Click here for sequence alignment using CLC workbench
Click here for sequence alignment using Clustal W/X


The alignment of biological sequences is probably one of the most important and most accomplished in the field of bioinformatics. The ultimate goal of sequence alignment is to determine the similarity between different sequences.

Applications

  • Gene finding: Having identified all ORFs of a genome can be used their lengths to estimate the probability of actually constituting genes, these are ab initio methods mentioned before. On the other hand, if there is a gene from another organism with a good alignment with the ORF found, there is strong evidence that this ORF is a gene.
  • Function prediction: The alignment of sequences to determine if two genes are similar. That way if the first function of these genes is known we can assign the same function as the second. Genome Sequence Assembly: the de-novo assembly is a very important task in bioinformatics is based on the alignments between short DNA sequences obtained by the new-generation sequencers.
  • One of the main applications of sequence alignment is the identification of homologous genes. Living organisms share a large number of genes descended from common ancestors and have been maintained in different organisms due to its functionality but accumulate differences that have diverged from each other. These differences may be due to mutations that change a symbol (nucleotide or amino acid) for another or insertions / deletions, indels, which insert or delete a symbol in the corresponding sequence.
Two genes are homologous if they share a common ancestor. Therefore, the homology is a dichotomous characteristic, i.e., given two genes are either homologous genes or not. However, given two sequences corresponding to two genes, can be said that there are different levels of similarity based on an alignment between them. The key task is to determine whether a good alignment between two sequences is significant enough to consider that both genes are homologous.
There are two different forms of homology. When the origin of two homologous genes is due to a process of gene duplication within the same species these genes are called paralogs, whereas when the origin is due to a speciation process/ event resulting in homologous genes in these different species are called orthologs.

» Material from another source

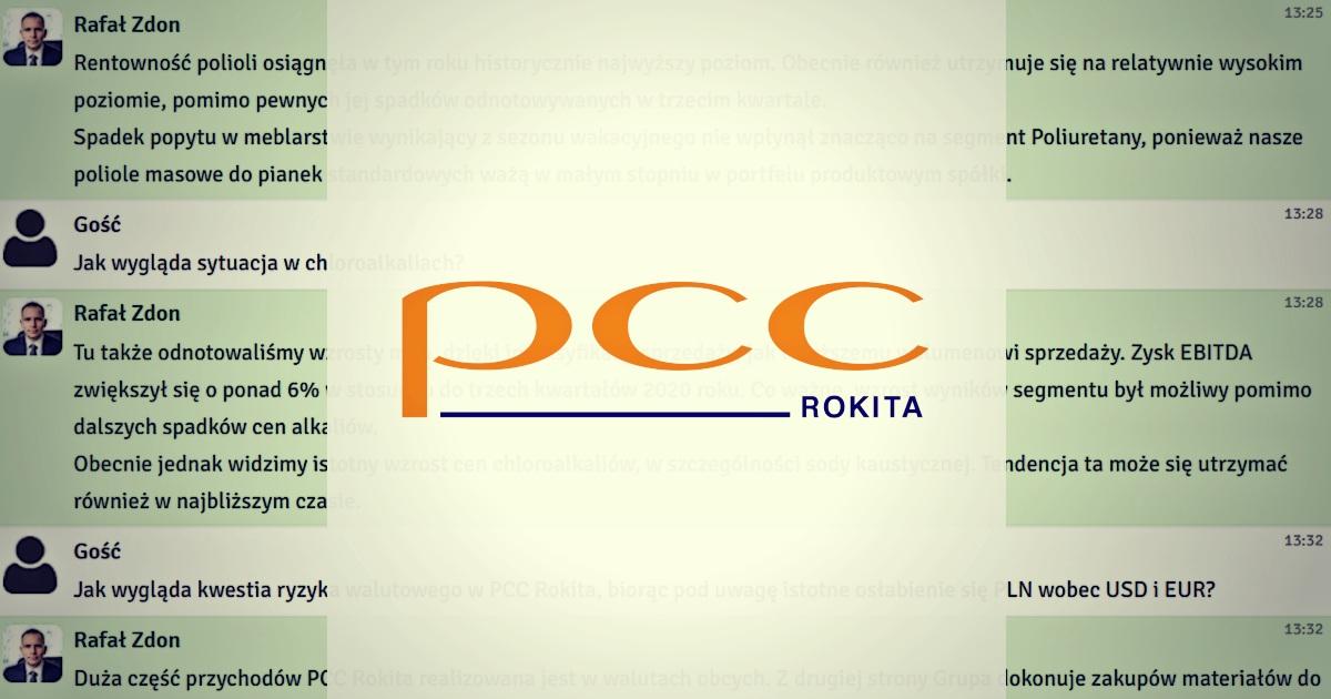 „Wzrosty odnotowały wszystkie nasze segmenty produkcyjne. Szczególnie dobra sytuacja panowała na rynku poliuretanów” - relacja czatu z wiceprezesem zarządu PCC Rokita
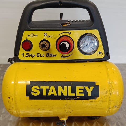 Gern ilmakompressori. Sininen vaakasuora säiliö ja sähkömoottori päällä. Soveltuu paineilmatyökalujen, renkaiden ja muiden paineilmaa vaativien kohteiden käyttöön esimerkiksi autotallissa tai verstaassa. Tarkemmat tekniset tiedot, kuten säiliön tilavuus ja teho, eivät käy ilmi kuvasta.toimii,mutta ei sammu vaan vaatii itse pois päältä laiton.

Pairwise sequence alignment

Pairwise alignments are comparison of two sequences. This can be done to determine evolutionary relationships, predict protein function and structure.
To view pairwise sequence alignment, the sequences can be viewed using a dotplot matrix, where two sequences are represented along the x- and y- axis, a dot placed at the grid where the two sequences have identical residues; as shown below:
Diagonals correspond to conserved regions. A score is calculated by awarding a "reward" (positive score) for matching residues, and a penalty (negative score) for mismatches (gaps and substitutions). For example:
KAWRTY
| ||:|
KGWRSY
     If Match = 5; Mismatch = 0;
the score for the example shown is
5+0+5+5+0+5 = 20


Conservative substitutions are when a residue is replaced by a residue with similar physiochemical properties. Therefore, substitutions that are conserved are less penalised from mismatches. eg Glutamate-Aspartate (Acidic amino acids) Serine-Threonine (-OH sidechain)
As a result, a matrix is prepared to give different scores of residues based on the likelihood of occurence in nature/ evolution.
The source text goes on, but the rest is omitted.